Following the death of August's sons, Harvey, Harry, and Roy Fruehauf, the Fruehauf family was no longer in charge by the mid-1960s. Resting on the laurels of the preceding decades, management would not make the tough and difficult personal sacrifices needed to withstand economic challenges. While the company eventually diversified and expanded its operations, financial issues resulted in the sell-off of company divisions in 1989. The truck trailer unit continued operation as Fruehauf Trailer Corporation.

In the 1970s and 1980s, Fruehauf became a major manufacturer of aluminum or steel marine intermodal containers for container ships, both in the U.S. as well as through various overseas subsidiaries such as Crane Fruehauf in the UK, Fruehauf France or Nippon Fruehauf, with major global shipping lines and container leasing companies as customers.

The company declared bankruptcy on October 7, 1996. An axle plant in Ohio was sold to Holland Hitch Company on February 18, 1997, and Fruehauf's United States manufacturing and sales business was sold to Wabash National on March 17, 1997. Prior to the bankruptcy, the Bellinger Shipyard owned by Fruehauf in Jacksonville, Florida, was sold to M. D. Moody & Sons, Inc. for $1.9 million in 1995 and then the Jacksonville Shipyard was sold to developers in 2014. Companies in France, Mexico, New Zealand, and Japan continued to operate under the Fruehauf name.

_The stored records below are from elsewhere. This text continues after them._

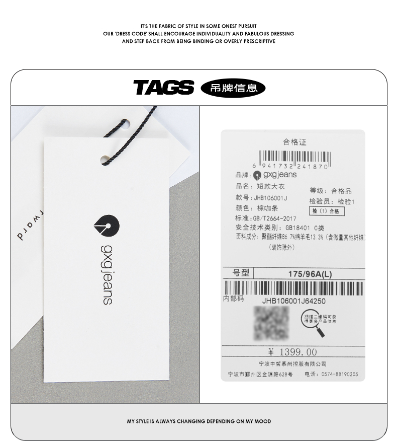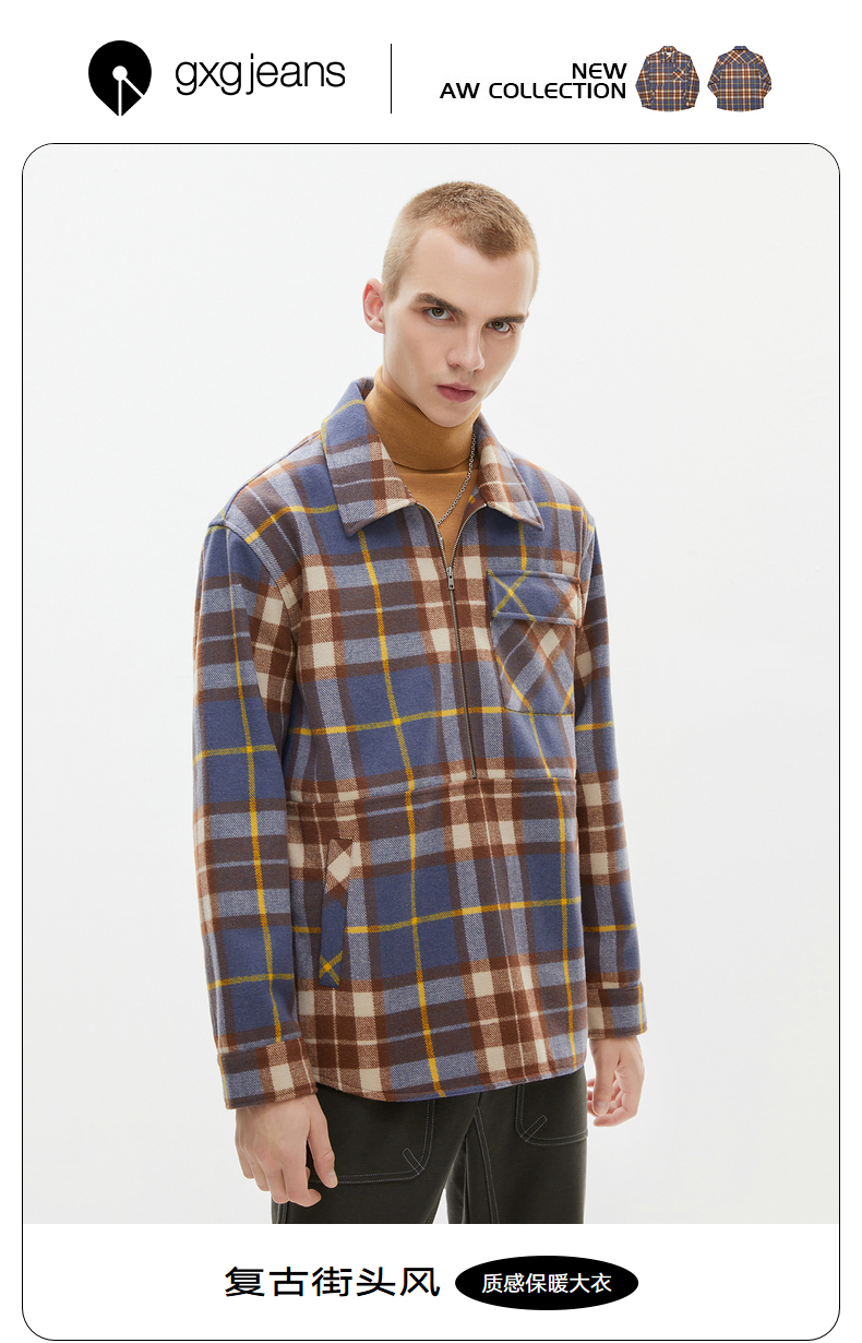 gxg jeans男装冬季大衣男冬季加厚短款呢子外套男潮气质大衣
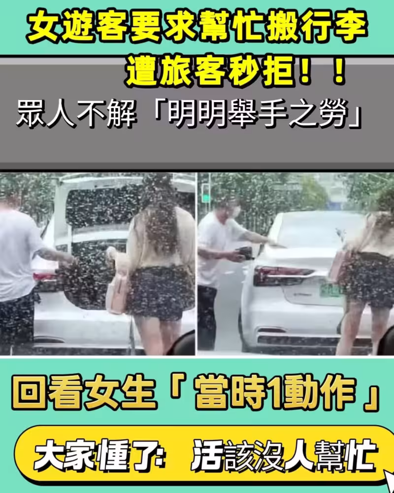 畫面中,一位短裙女子站在叫車後車箱旁,期待司機幫她搬行李,但司機似乎並無此意,直接將後備蓋蓋「啪」地一關,轉身離開。
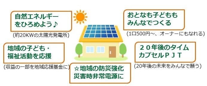 売電収益の一部を「地域・コドモ応援基金」として、地域の子ども・福祉活動に寄付、地域に還元します。
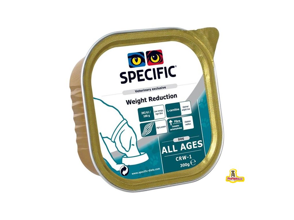 Jedna 300g konzerva SPECIFIC™ CRW-1 Weight Reduction nahradí 76 g SPECIFIC™ CRD-1 Weight Reduction nebo 68 g SPECIFIC™ CRD-2 Weight Reduction.
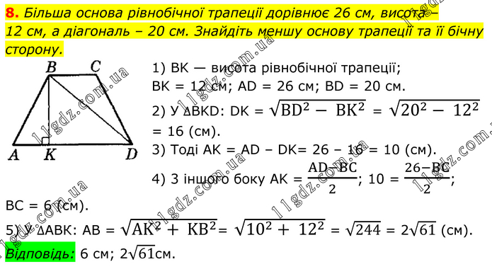 Більша основа рівнобічної трапеції дорівнює 26 см, висота – 12 см, а діагональ – 20 см. Знайдіть меншу основу трапеції та її бічну сторону. 1) BK — висота рівнобічної трапеції; BK = 12 см; AD = 26 см; BD = 20 см. 2) У ∆BKD: DK = √(BD^2- BK^2 ) = √(20^2- 12^2 ) = 16 (см). 3) Тоді AK = AD – DK= 26 – 16 = 10 (см). 4) 3 іншого боку AK = (AD-BC)/2; 10 = (26-BC)/2; BC = 6 (см). 5) У ∆АВК: AB = √(AK^2+ KB^2 )= √(10^2+ 12^2 ) = √244 = 2√61 (см). Відповідь: 6 см; 2√61см.
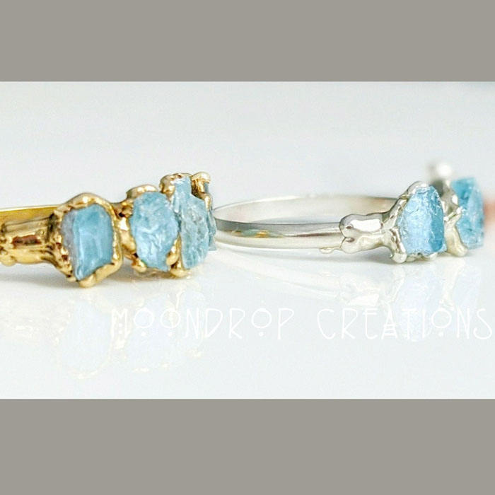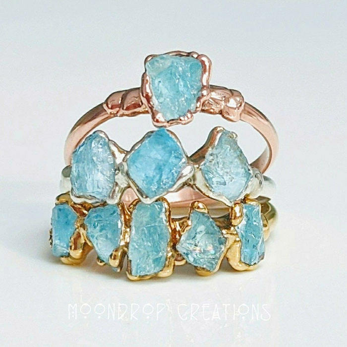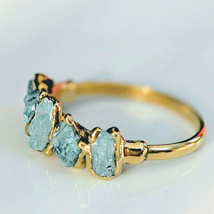 Bagues en plaqué or brut aigue-marine bijoux galvanisés en pierres précieuses bagues minimalistes bague en plaqué or brut naturel
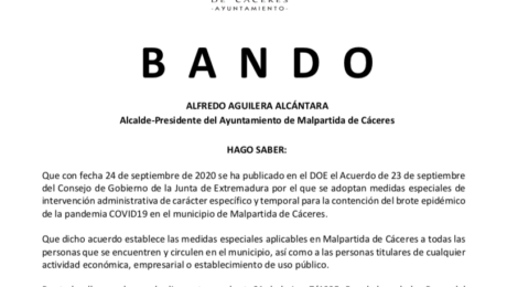 ALFREDO AGUILERA ALCÁNTARA Alcalde-Presidente del Ayuntamiento de Malpartida de Cáceres HAGO SABER: Que el pasado 7 de septiembre la Junta de Extremadura declaró oficialmente un brote de COVID19 en Malpartida
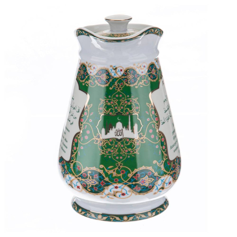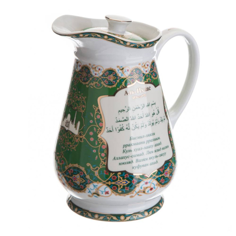 ТМ LEFARD представляет эксклюзивную коллекцию посуды «Суры из Корана». Кувшины, чайники, сахарницы, кружки, чайные пары, декоративные тарелки и другие предметы выполнены из высококачественного тонкостенного фарфора. Восточный орнамент, небольшие отрывки Сур из Корана на классическом арабском и русском языках с отделкой золотом украшают изделия. Это прекрасный мусульманский подарок, всегда нужный и теплый. Относитесь к нему бережно и с почтением. Посуду коллекции можно использовать как в повседневной жизни, так и на торжественном приеме. Не рекомендуется мыть в посудомоечной машине и использовать в микроволновой печи.
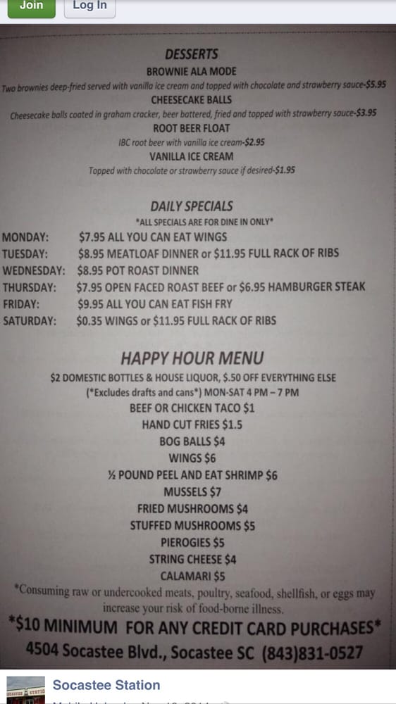 Socastee Station, a cozy diner in Myrtle Beach, SC, offers a variety of tasty dishes with a focus on comfort food. The menu features options such as the popular Chicken Salad Sandwich, Fried Chicken Dinner, Blackened Salmon Skillet, and Chicken Marsala. The starters, including the famous 25 Wings and Chicken Bog Balls, are perfect for sharing with friends or family. The laid-back atmosphere, outdoor seating, and full bar make it a great spot for groups or a casual dinner. The daily specials, like the Chicken Salad Sandwich and Fried Chicken Dinner, are homemade and delicious. With its diverse menu, friendly staff, and convenient amenities like takeout and delivery service, Socastee Station is a must-visit for food lovers seeking a relaxed dining experience.
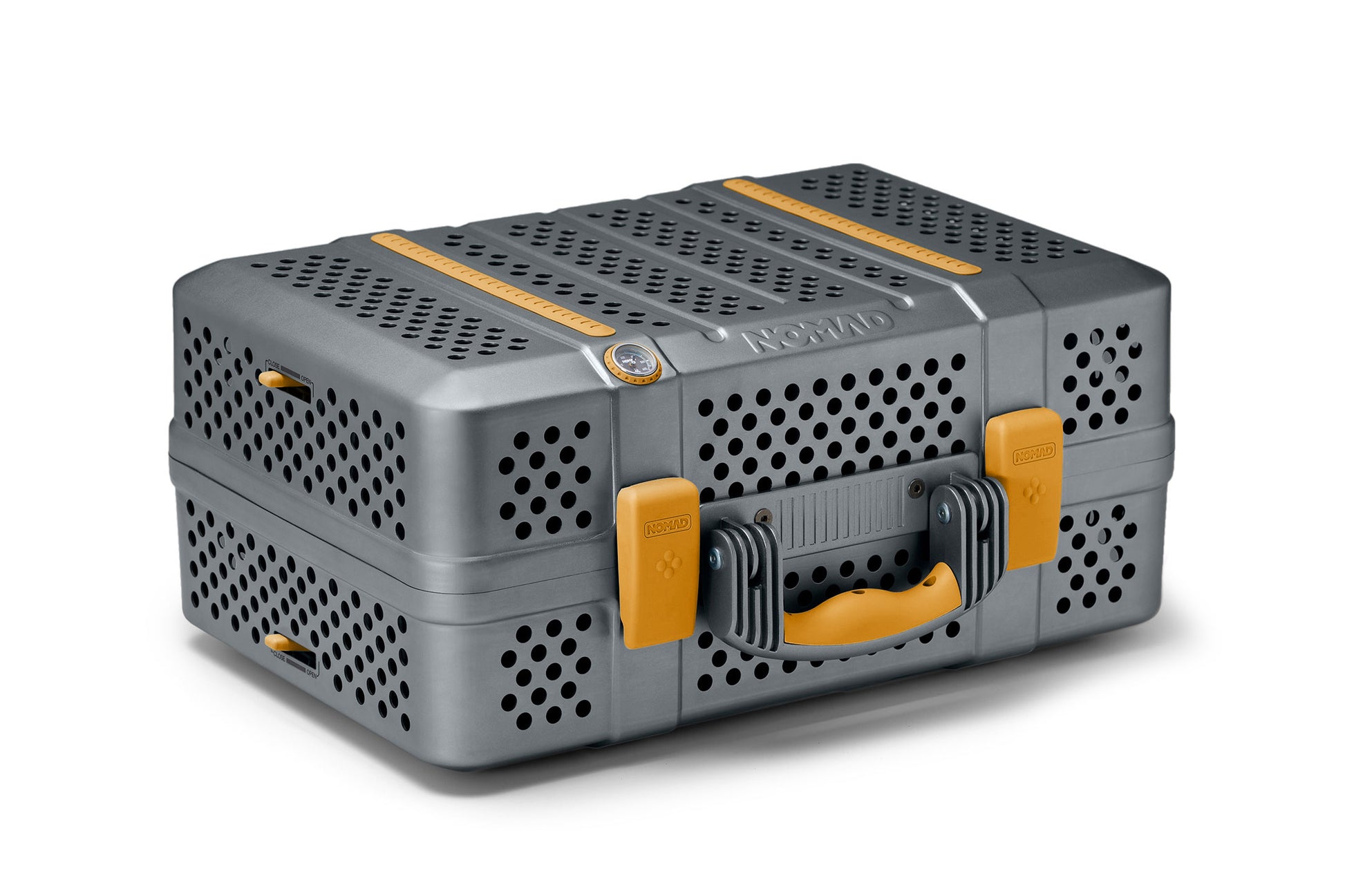 NOMAD packs heaps of innovation & practical utility making it the perfect portable provision for tailgating, camping, hunting, fishing, beach-going, backyard barbecuing or patio perching. With patented thermal architecture and a king-sized cooking surface packed into a compact carrying case, NOMAD is The Holy Grail of grills.
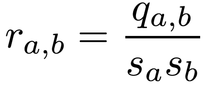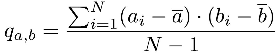 Where ai and bi are the individual measurements, and a and b are the means of the measurements.
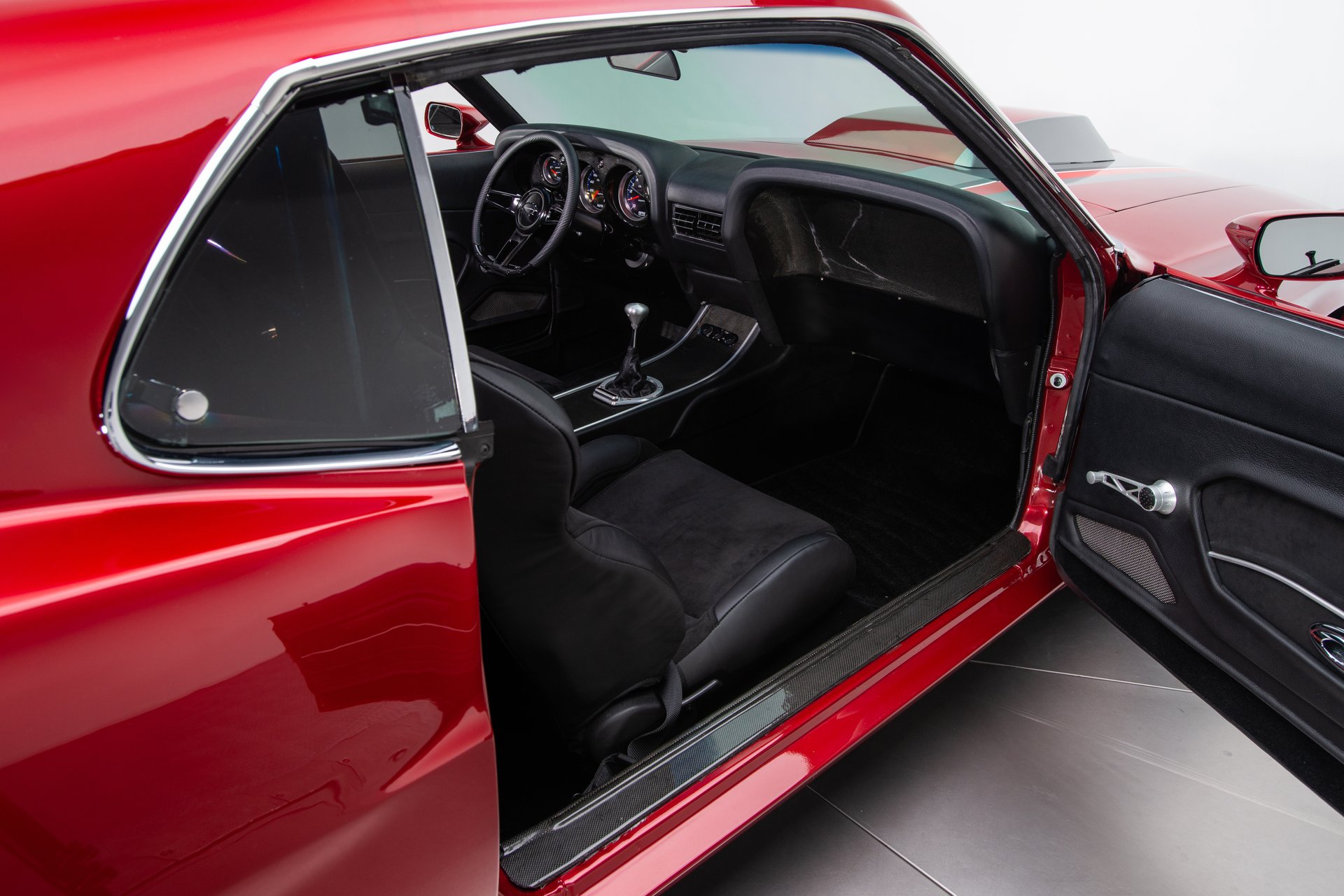 The tasteful customization doesn’t end at the doors. Step inside, and you’ll find a truly gorgeous cabin, fit for a tourer. The old seats have been pulled out and replaced with suede and leather Corbeau buckets, replete with 4-point Sparco harnesses. New Auto Meter dials have been fitted in a carbon-fiber panel, while Vintage Air ensures a comfortable atmosphere. A tiltable wheel by Billet Specialties is flanked by a Lokar shifter, and aluminum pedals. For safety, a four-point roll bar has also been added. The price of this little piece of heaven? Just shy of $140K. Not a bad price, in our book.

In 2015, Poland's largest trailer company, Wielton, purchased a 65% share of Fruehauf France. It completed the purchase of the balance in 2017.

In 2021, MV Commercial purchased Fruehauf in the UK from administration. It aimed to revive the brand and increase production by investing heavily in the business, which had been neglected for several years.

In 2023, Fruehauf featured in the October issue of Bulk & Tipper magazine, with the article covering Fruehauf's acquisition by MV Commercial and the success of the takeover.